Learn the fundamentals of automatic differentiation with simple scalar functions.

In [38]:
# TODO: Create a tensor that requires gradients and compute a simple function
# Create x = 2.0 with requires_grad=True
x = torch.tensor(2.,requires_grad = True)

# TODO: Compute y = x^2 + 3*x + 1
y = x**2 +3*x+1

print(f"x = {x}")
print(f"y = {y}")
print(f"x.requires_grad: {x.requires_grad}")
print(f"y.requires_grad: {y.requires_grad}")

x = 2.0
y = 11.0
x.requires_grad: True
y.requires_grad: True


In [39]:
# TODO: Compute gradients using backward()
# Call y.backward() to compute gradients
y.backward()
print(f"dy/dx = {x.grad}")
print(f"Expected: dy/dx = 2x + 3 = 2*2 + 3 = 7")

dy/dx = 7.0
Expected: dy/dx = 2x + 3 = 2*2 + 3 = 7


In [40]:
# Test Section 1: Basic Autograd Operations
section_tests = [(getattr(validator, name), desc) for name, desc in EXERCISE1_SECTIONS["Section 1: Basic Autograd Operations"]]
test_runner.test_section("Section 1: Basic Autograd Operations", validator, section_tests, locals())


Testing: Section 1: Basic Autograd Operations
❌ Create x = 2.0 with requires_grad=True: Unexpected error: Exercise1Validator.test_x() missing 1 required positional argument: 'namespace'
❌ Compute y = x^2 + 3*x + 1: Unexpected error: Exercise1Validator.test_y() missing 1 required positional argument: 'namespace'
❌ Compute gradient dy/dx using backward(): Unexpected error: Exercise1Validator.test_x_grad() missing 1 required positional argument: 'namespace'

❌ Section 1: Basic Autograd Operations - Some tests failed. Review the errors above.


False

## Section 2: Multivariable Gradients

Explore gradients with functions of multiple variables.

In [41]:
# TODO: Create two variables with gradients enabled x1 = 1.0, x2 = 2.0
x1 = torch.tensor(1.,requires_grad= True)
x2 = torch.tensor(2.,requires_grad= True)
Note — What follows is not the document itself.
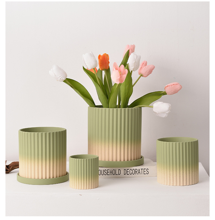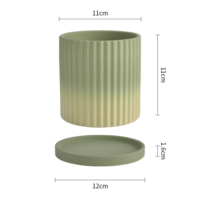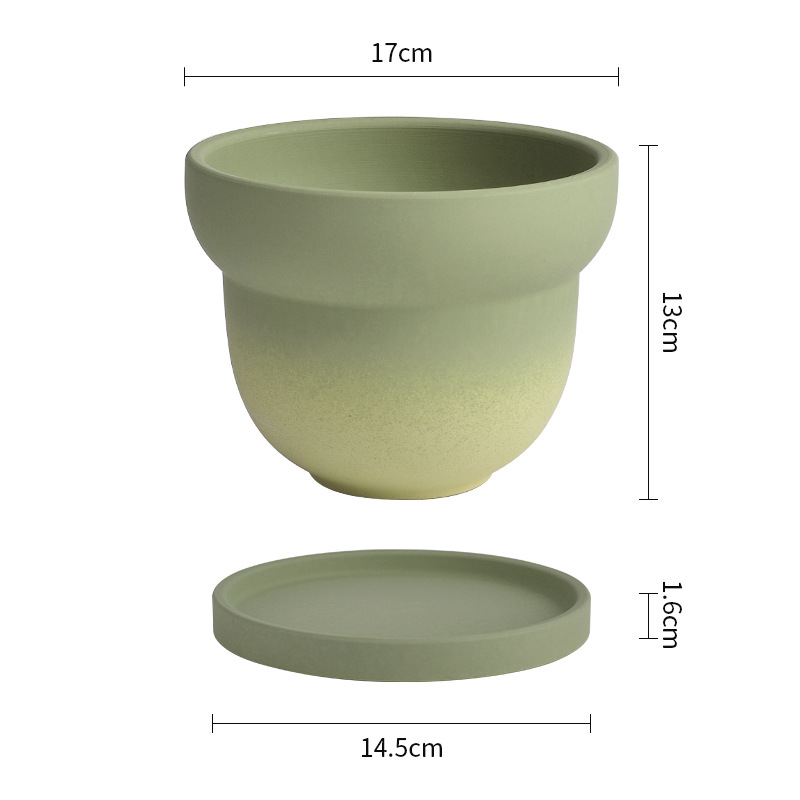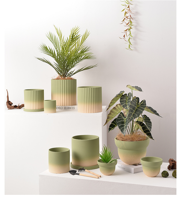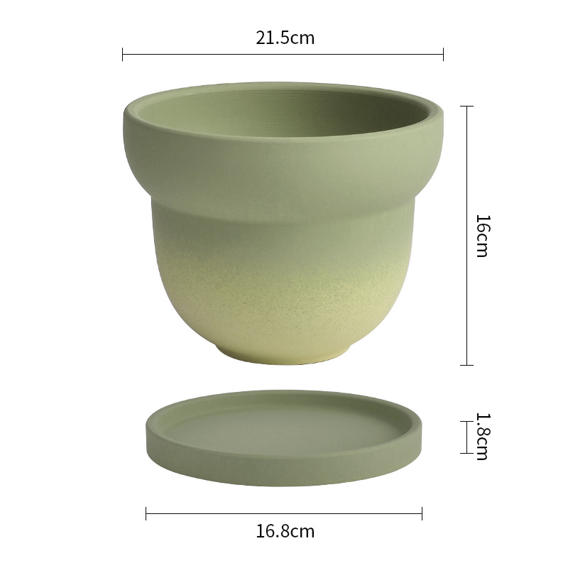북유럽 그라디언트 올리브 그린 세라믹 찐 꽃 냄비 트레이 흡수성 통기성 녹색 식물 꽃 호랑이 껍질 난초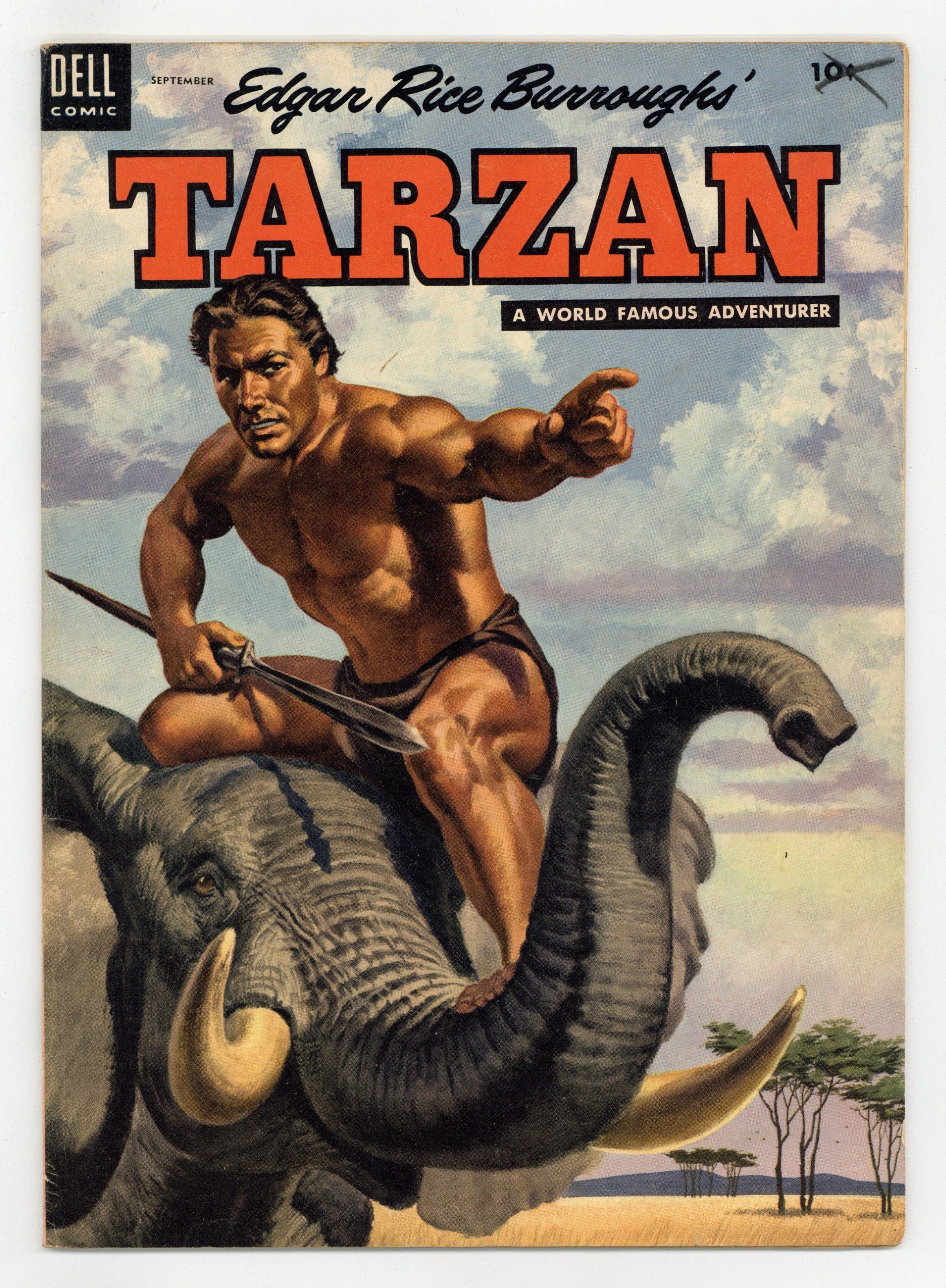 Published Sep 1954 by Dell/Gold Key.$21.00Painted cover art by Morris Gollub. Tarzan's World illustration by Jesse Marsh. "The Bolas of Monga," script by Gaylord Du Bois, art by Jesse Marsh; When Jorah and his men are captured by the Mongan tribe, Tarzan rescues them. "Boy Plays Hide and Seek," script by Gaylord Du Bois, art by Jesse Marsh; When his mate Balja is captured by hunters, Jad-Bal-Ja and Boy travel to the city to rescue her. "Arrival" text story starring Mabu by Elizabeth Beecher. Untitled Brothers of the Spear story, script by Gaylord Du Bois, art by Russ Manning; Dan-El and Natongo stop an attempt to kill Prince Mohaffa. 36 pages, full color. Cover price $0.10.

# TODO: Compute z = x1^2 + x2^3 + x1*x2
z = x1**2 + x2**3 + x1*x2

print(f"x1 = {x1}, x2 = {x2}")
print(f"z = {z}")

x1 = 1.0, x2 = 2.0
z = 11.0


In [42]:
# TODO: Compute gradients for multivariable function
# Call z.backward() to compute partial derivatives
z.backward()
print(f"∂z/∂x1 = {x1.grad}")
print(f"∂z/∂x2 = {x2.grad}")
print(f"Expected: ∂z/∂x1 = 2*x1 + x2 = 2*1 + 2 = 4")
print(f"Expected: ∂z/∂x2 = 3*x2^2 + x1 = 3*4 + 1 = 13")

∂z/∂x1 = 4.0
∂z/∂x2 = 13.0
Expected: ∂z/∂x1 = 2*x1 + x2 = 2*1 + 2 = 4
Expected: ∂z/∂x2 = 3*x2^2 + x1 = 3*4 + 1 = 13


In [43]:
# Test Section 2: Multivariable Gradients
section_tests = [(getattr(validator, name), desc) for name, desc in EXERCISE1_SECTIONS["Section 2: Multivariable Gradients"]]
test_runner.test_section("Section 2: Multivariable Gradients", validator, section_tests, locals())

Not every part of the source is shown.